Segment Open

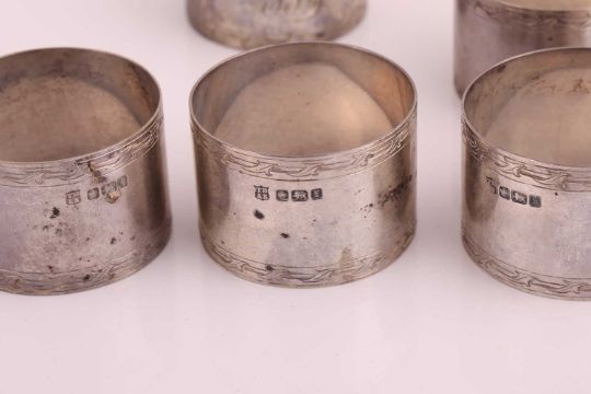 A group of silver items, including silver vesta cases, napkin rings and a silver mesh evening purse, 1950s Bulova 30 jewel automatic gentleman's wristwatch, together with five silver napkin rings, collar bars, dress set and other items, 8.52 ozt/ 265 grams combined weight of weighable silver
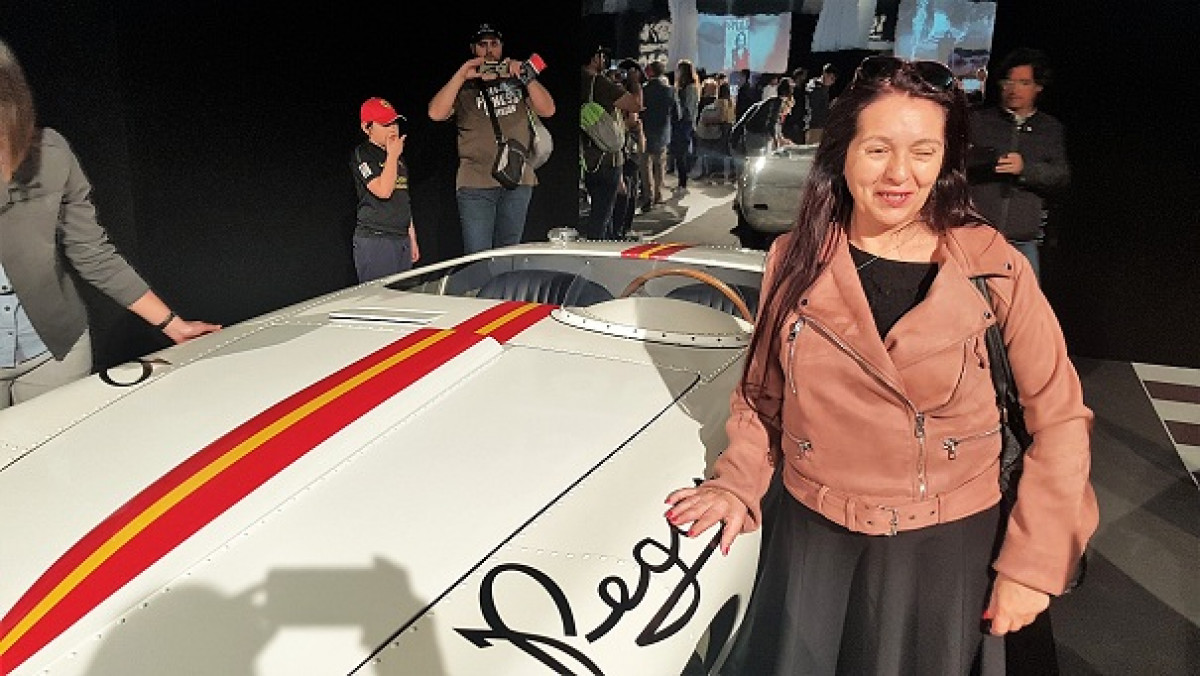 Rafi Pérez, videpresidenta segona del Consell Territorial de l'ONCE Catalunya, es mostrava entusiasmada després d’ajupir-se i posar-se al volant d’un Ferrari Testarrossa.
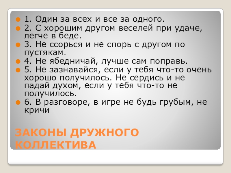 Слайд 8ЗАКОНЫ ДРУЖНОГО КОЛЛЕКТИВА

Segment Closed

EXERCISE -
Leave the images out. Set down all of the material above exactly.

TASK RESPONSE -
 A group of silver items, including silver vesta cases, napkin rings and a silver mesh evening purse, 1950s Bulova 30 jewel automatic gentleman's wristwatch, together with five silver napkin rings, collar bars, dress set and other items, 8.52 ozt/ 265 grams combined weight of weighable silver
 Rafi Pérez, videpresidenta segona del Consell Territorial de l'ONCE Catalunya, es mostrava entusiasmada després d’ajupir-se i posar-se al volant d’un Ferrari Testarrossa.
 Слайд 8ЗАКОНЫ ДРУЖНОГО КОЛЛЕКТИВА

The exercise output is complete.